Colorectal cancer (CRC) is the third most commonly diagnosed cancer worldwide. According to GLOBOCAN 2020, there were an estimated 1.93 million new CRC cases globally that year. Its incidence is particularly alarming in countries undergoing rapid social and economic transition. In China alone, approximately 560,000 newly diagnosed CRC cases were reported in 2020, placing it second only to lung cancer. Projections based on World Health Organization population data estimated this number would rise to 590,000 cases in China by 2022, the highest of any country in the world.
Risk factors for CRC extend beyond lifestyle elements such as smoking, obesity, and unhealthy diet to include gender, genetic predisposition, and family history. Current diagnostic methods rely on laboratory tests, endoscopy, imaging (CT, MRI), and histopathological examination, while treatment involves surgery, radiotherapy, and post-metastasis therapies. Despite these established tools, the continued rise in CRC incidence and mortality underscores the need for improved approaches.
Artificial intelligence (AI) has emerged as a transformative technology in this space. Machine learning (ML) is a core subbranch of AI, encompassing methods such as deep learning (DL), support vector machines (SVM), random forests (RF), and convolutional neural networks (CNN). Among these, DL and CNN have been the most successful algorithms applied in medicine, playing roles in data management, diagnosis prediction, and drug delivery. On the physical side, robotic systems such as the da Vinci surgical system (FDA-approved in 1999, now in its fourth generation) have become widely used in CRC surgery.
Colonoscopy is the gold standard for diagnosing colorectal diseases and is strongly recommended for early screening by national associations. However, due to high operator variability, challenging bowel preparation, and other factors, polyp and adenoma detection rates vary substantially between endoscopists. The adenoma detection rate (ADR) is a key quality indicator: a higher ADR correlates directly with lower CRC incidence and mortality. The adenoma miss rate (AMR) measures the difference between lesions detected by consecutive endoscopies.

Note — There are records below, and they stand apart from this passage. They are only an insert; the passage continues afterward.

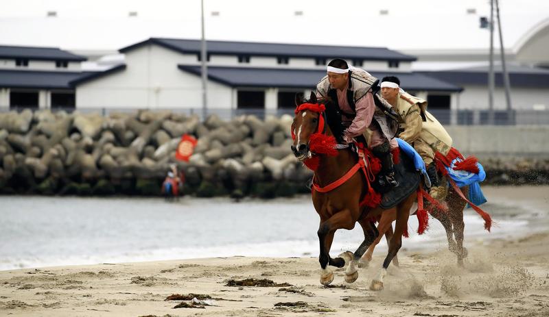 About 10 horses with riders in traditional samurai garb race along a beach in Soma, Fukushima Prefecture, on Saturday, during festivities celebrating the reconstruction of buildings at a local shrine.
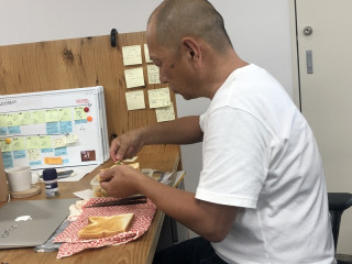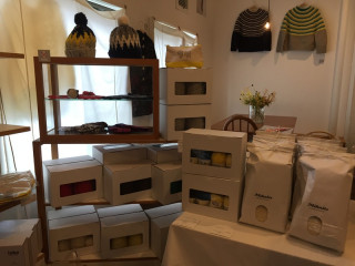 おはようございます! 国立・foodmoodでの 「Miknits新作おひろめオフ会」 オープンしました! あいにくの雨模様ですが、 朝から多くのお客さまに 来ていただいています。
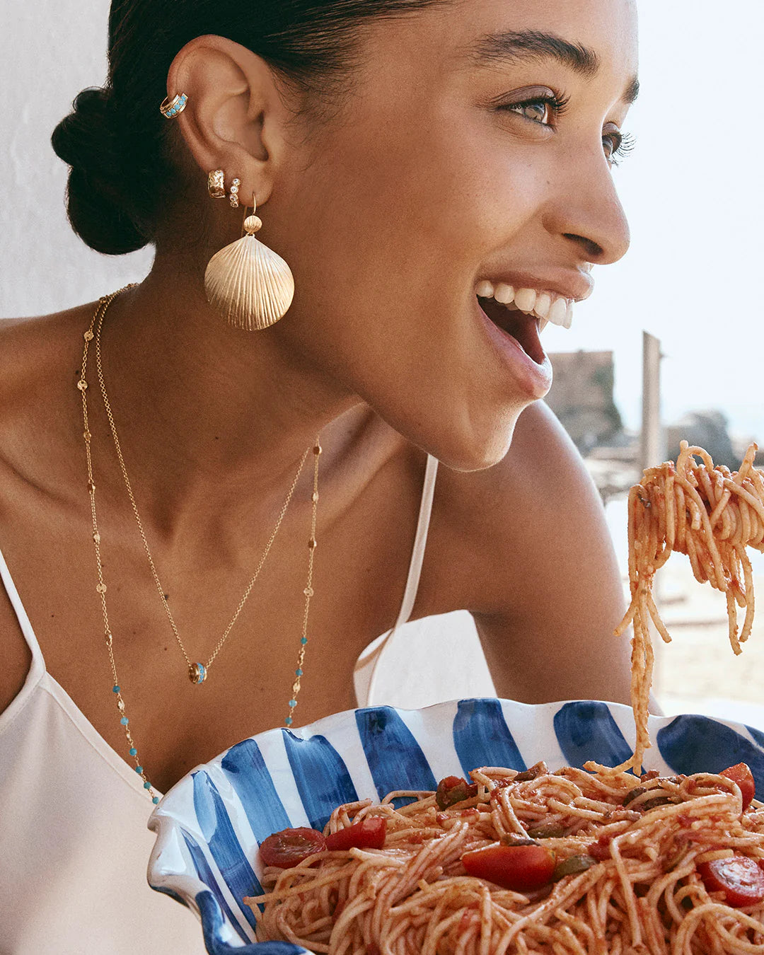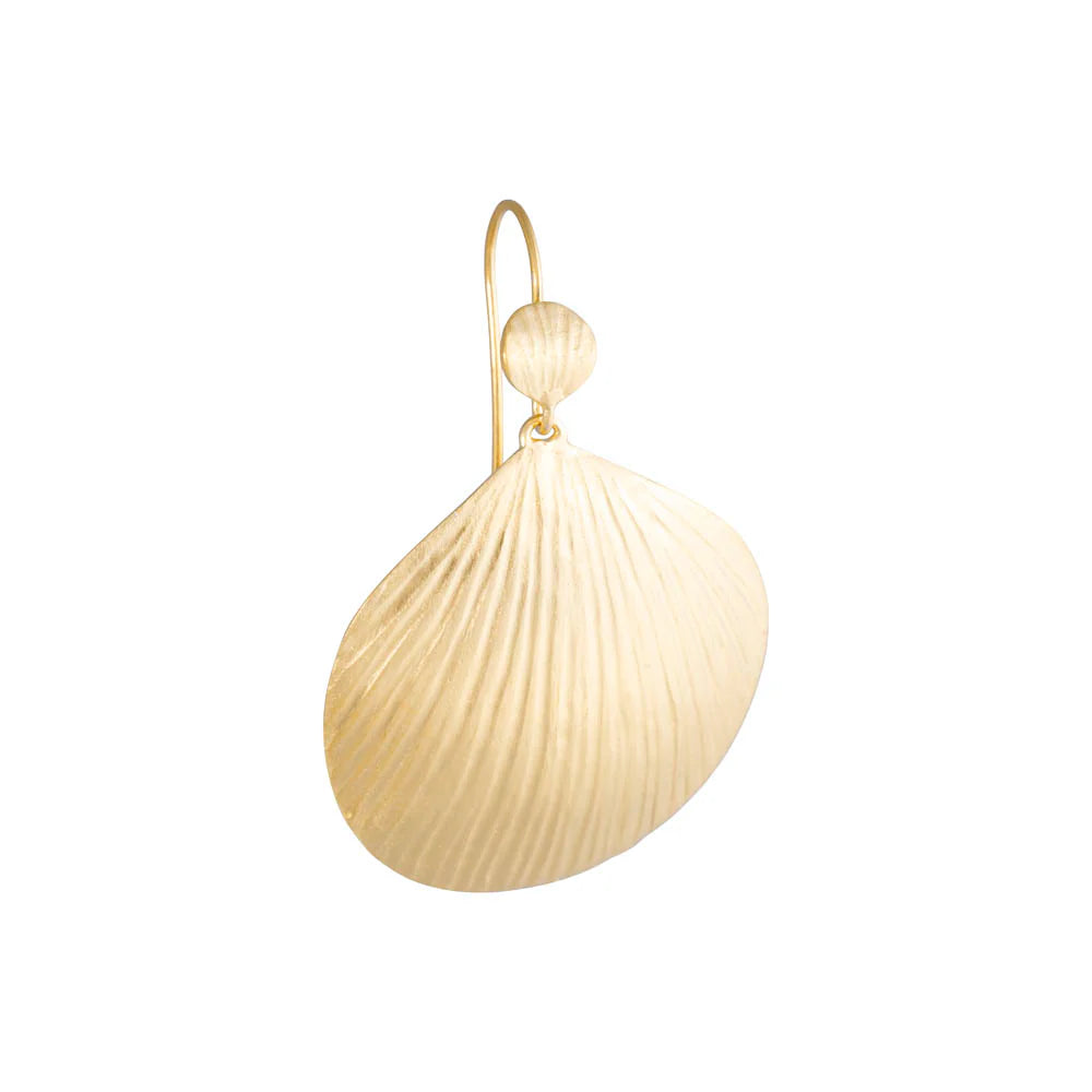 A nostalgic piece from designer Susannah Fairley who from the age of 6 began collecting shells at her local beach to create jewellery. These hook earrings are lightweight and showcase a large perfect gold shell hanging from a smaller shell. A classic pair of summer earrings that can be worn day into night.
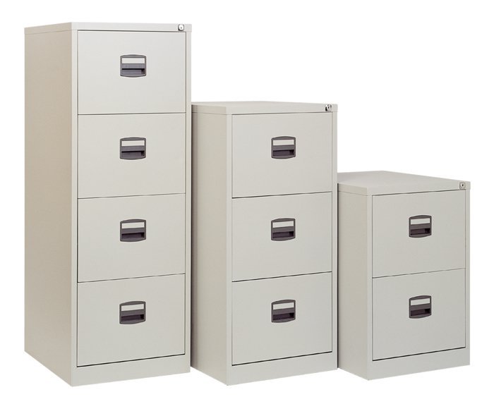 Třízásuvkové kovové kartotéky pro dokumenty nebo závěsné kapsy formátu A4 a Foolscap, šířka 413 nebo 470, výška 1016, hloubka 622
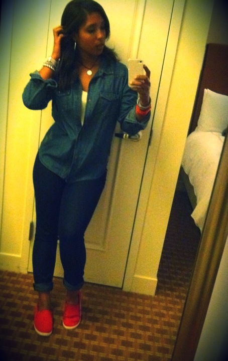 Denim Shirt: Max Azria and Miley Cyrus Jeans: Forever 21 Heels: gifted from my boyfriend and last seen in this Post HERE
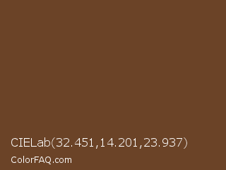 CIELab 32.451,14.201,23.937 Color is a dark orange color and the nearest color is Flattery #6b4423. Hex code #6b4327 and RGB value is rgb(107,67,39). In RGB color space, this color is composed of 42% red, 26% green, 15% blue, In CMYK color space, this color is composed of 0% cyan, 37% magenta, 64% yellow , 58% black , In HSL color space, this color has a hue angle of 25° , 47% saturation and 29% lightness.
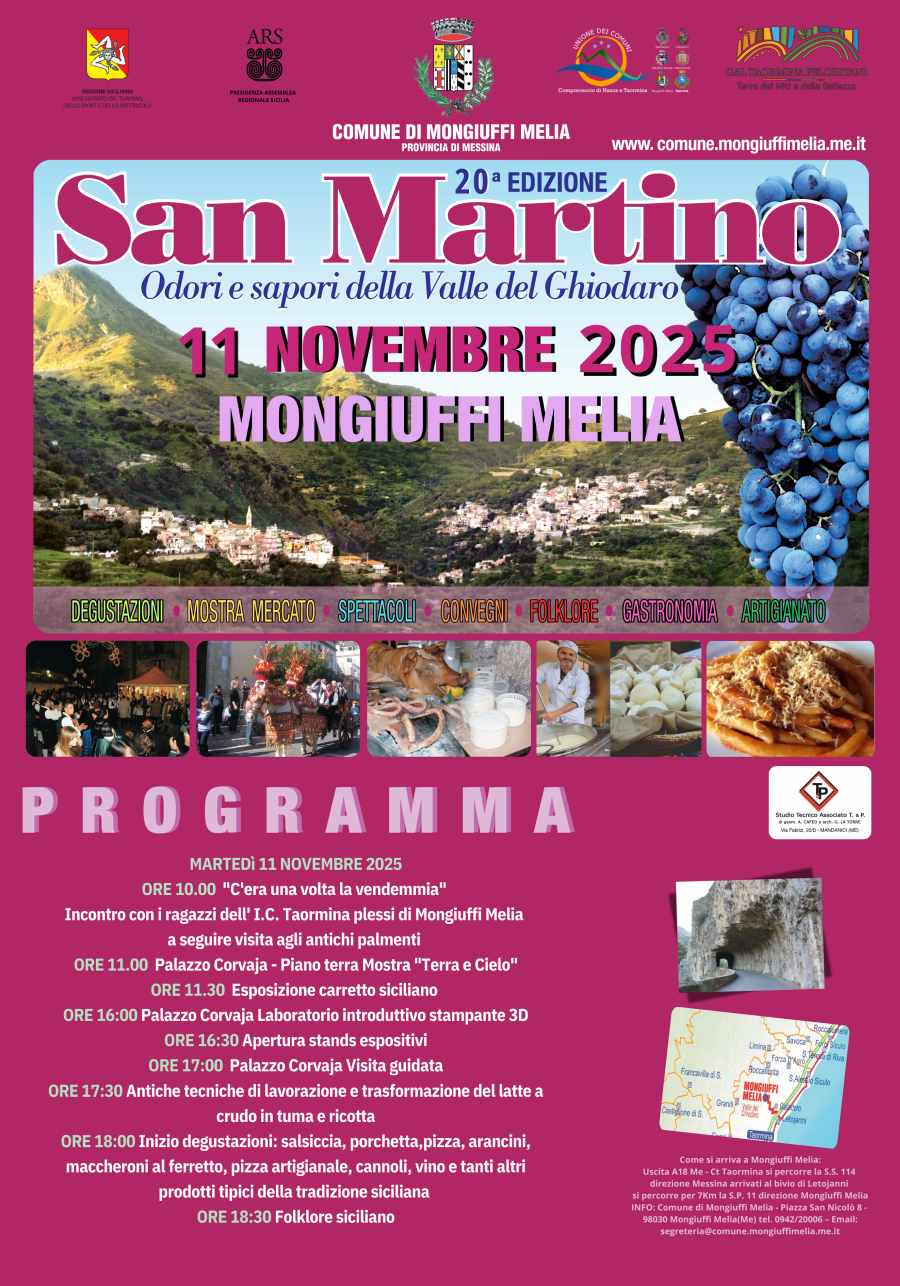La manifestazione "San Martino - Odori e sapori della Valle del Ghiodaro" a Mongiuffi Melia (ME) è una storica e attesa mostra mercato e sagra che celebra il patrimonio enogastronomico e le tradizioni della Sicilia, in particolare della suggestiva Valle del Ghiodaro.
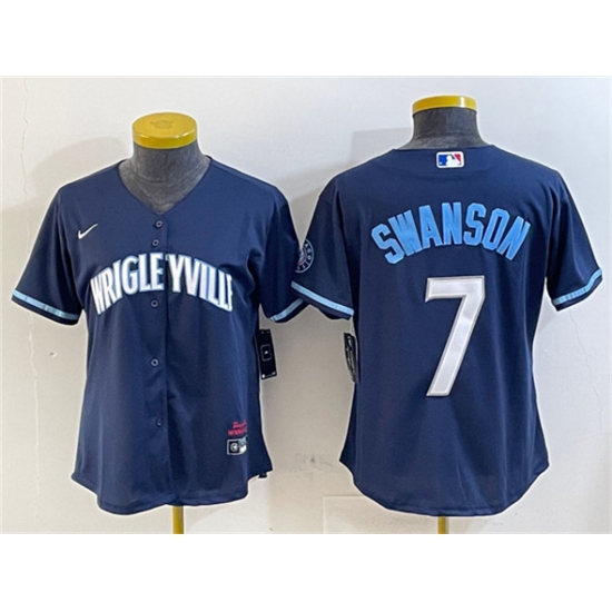 >Women's Chicago Cubs #7 Dansby Swanson Navy City Connect Stitched Jersey
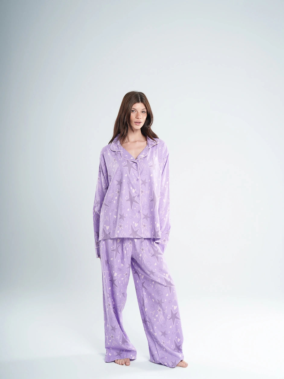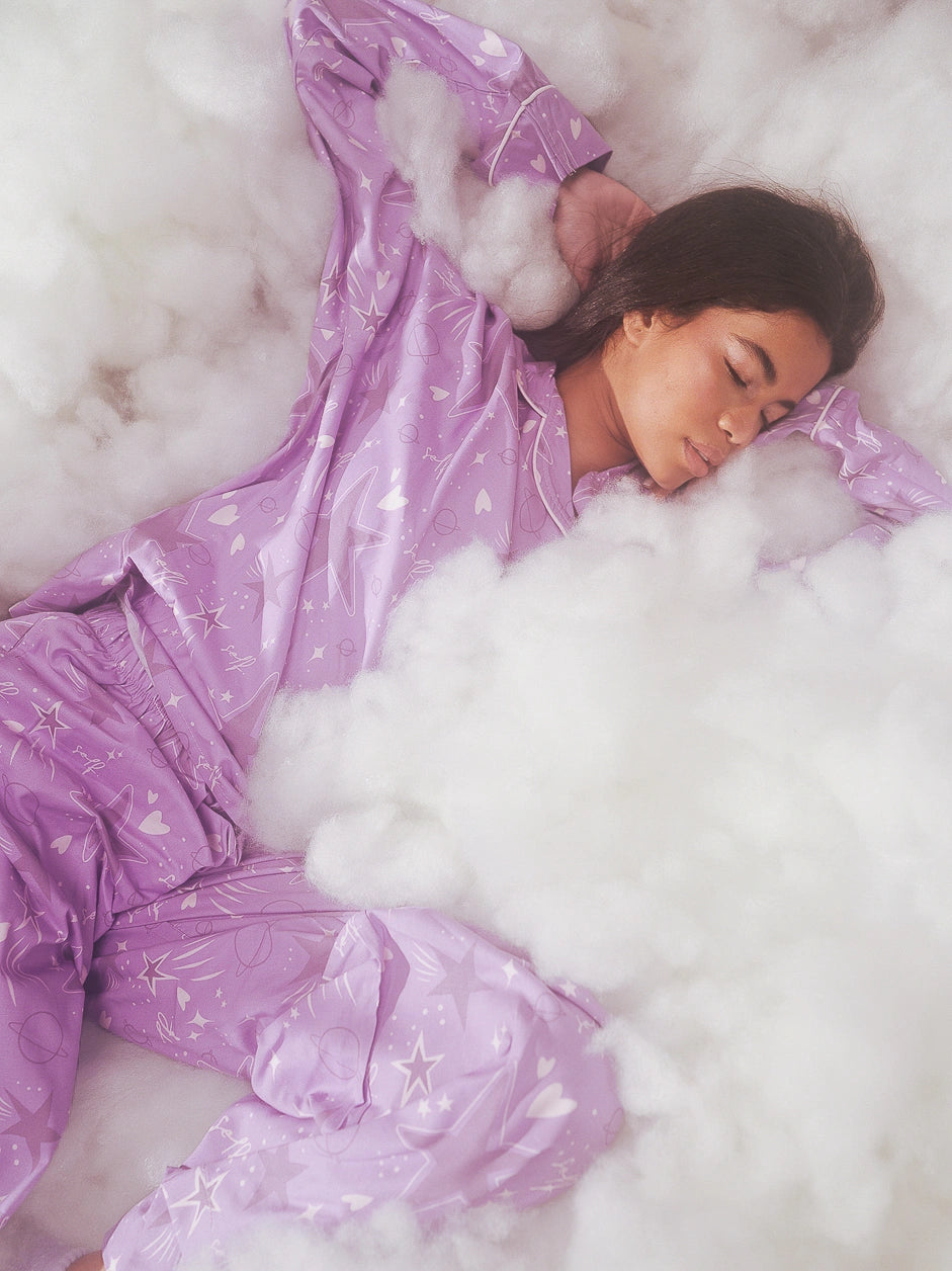 a purple sky for your nighttime orbit. sprinkled with stars, soft enough to melt into — made for girls who dream loudly.
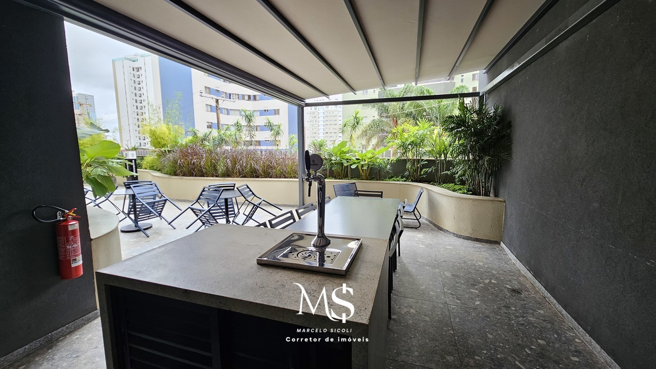 Tem 118m2 de área útil. Apartamento de terceiro andar. Ampla sala integrada com a cozinha e área de serviço. Varanda gourmet com vista para a Avenida Flamboyant. Tem espaço para um grande closet, um banheiro completo, duas semi-suites e um quarto além de uma suíte. Totalizando 4 quartos e três banheiros portanto.
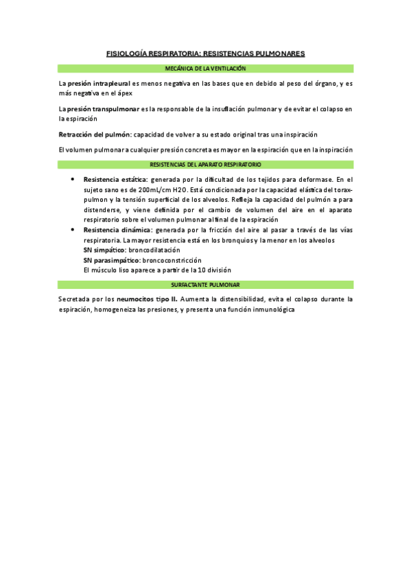 He publicado nuevos apuntes de 2º Fisiología Humana: Resúmenes BLOQUE S.RESPIRATORIO

Computer-aided detection (CADe) systems powered primarily by deep learning algorithms have been developed to improve detection speed and accuracy. A YOLOv3-based algorithm was used for real-time polyp detection via video, achieving fast and economical results suitable for large-scale deployment in underdeveloped areas. In a randomized controlled study (522 patients), a real-time automatic detection system raised the ADR to 29.1% and polyp detection rate (PDR) to 64.93%. Another study using a CNN-based CADe system across 1,434 patients achieved a PDR of 40.8% and ADR of 20.1%.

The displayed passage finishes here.